ISTANBUL/ANKARA (Reuters) - Turkish President Tayyip Erdogan accused the West, Russia and Iran of all seeking to further their own interests in Syria and said on Wednesday he feared a U.S.-Russian ceasefire plan would do little more than benefit President Bashar al-Assad.
NATO member Turkey has grown increasingly frustrated by the international response to Syria’s five-year-old war, incensed by a Russian intervention which has tipped the balance of power in favour of Ankara’s arch-enemy Assad and by U.S. support for a Kurdish militia it sees as a hostile insurgent force.
“The West, the United States, Russia, Iran, the European Union and United Nations have unfortunately not managed to stand tall by the honor of humanity,” Erdogan said in a speech in Ankara broadcast live on television.
“On the contrary, all these countries, because of their own calculations, have permitted, directly or indirectly, the killing of nearly half a million innocent people by the regime and its backers,” he said.

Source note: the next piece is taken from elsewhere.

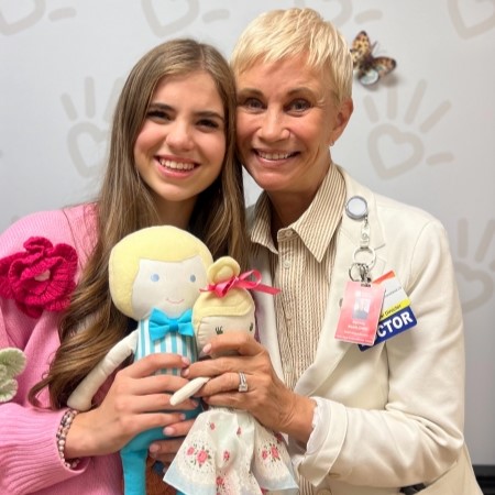 Charlotte Gould and Phoenix Children’s Hospital Cleft & Craniofacial Care Center director, Dr. Patricia Beals, hold dolls sewn by Charlotte./Courtesy Charlotte Gould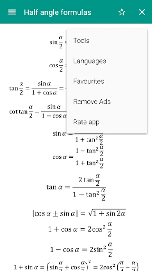 This app also has many tools to calculate the geometric shapes or find the roots of equations. Users can also share any formulas with friends by many ways: email, message, facebook ......So we hope this math formula app will help you to learn math or study math or know math formula easily.

The United States and Russia announced plans on Monday for a cessation of hostilities in Syria to take effect starting on Saturday. But rebels backed by Saudi Arabia and Turkey expressed doubts about the proposal, which excludes attacks by the Syrian army and its Russian backers on the jihadist groups Islamic State and the al Qaeda-linked Nusra Front.
Rebels fear Russia will use that as a pretext to bomb them.
“If this is a ceasefire that is up to the mercy of Russia, which has brutally attacked the moderate opposition and aligned with Assad under the pretext of fighting Islamic State, we fear that the fire pouring over the innocent people will never stop,” Erdogan said.
Syria’s opposition High Negotiations Committee (HNC), which groups Assad’s political and armed opponents, said on Monday it accepted “international efforts for a cessation of hostilities”, but only on the condition that previous demands including an end to blockades and the bombardment of civilians were fulfilled.
Erdogan described as a “great lie” the notion that the Syrian Kurdish YPG militia, which is seen as a hostile insurgent force by Ankara but has enjoyed U.S. backing, was being given support because it was fighting Islamic State.
Turkey views the YPG as a hostile insurgent force with deep links to the Kurdistan Workers Party (PKK), which has fought a three-decade insurgency for Kurdish autonomy in Turkey’s southeast. Erdogan has called on Washington to decide who its allies are - Turkey or the Kurdish militia.